Exercise data:
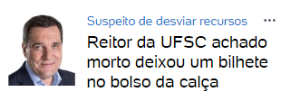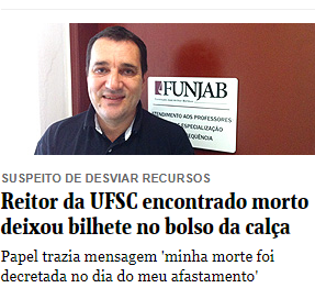 octubre 2, 2017 22:35Títulos das homepages da Folha de S. Paulo e do portal UOL da notícia do suicídio do reitor da Universidade Federal de Santa Catarina, Luiz Carlos Cancillier de Olivo, vítima da meganhagem que manda no Brasil, são praticamente iguais na canalhice.
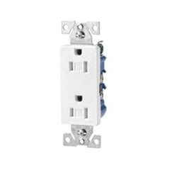 EATON TR1107B-BOX is a duplex decorator straight blade tamper resistant grounding receptacle. It operates at one hundred twenty-five volts and fifteen amperes. This product is suitable for residential use and adheres to the 2011 NEC code requirements.
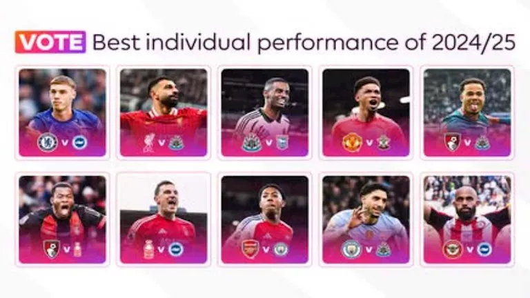 أعلنت رابطة الدوري الإنجليزي الممتاز عن المرشحين لجائزة أفضل أداء فردي خلال مباراة في الموسم الماضي من الدوري الإنجليزي.

What you are asked to do:
Would you repeat the listing word for word and skip every picture?

Result of this exercise:
 octubre 2, 2017 22:35Títulos das homepages da Folha de S. Paulo e do portal UOL da notícia do suicídio do reitor da Universidade Federal de Santa Catarina, Luiz Carlos Cancillier de Olivo, vítima da meganhagem que manda no Brasil, são praticamente iguais na canalhice.
 EATON TR1107B-BOX is a duplex decorator straight blade tamper resistant grounding receptacle. It operates at one hundred twenty-five volts and fifteen amperes. This product is suitable for residential use and adheres to the 2011 NEC code requirements.
 أعلنت رابطة الدوري الإنجليزي الممتاز عن المرشحين لجائزة أفضل أداء فردي خلال مباراة في الموسم الماضي من الدوري الإنجليزي.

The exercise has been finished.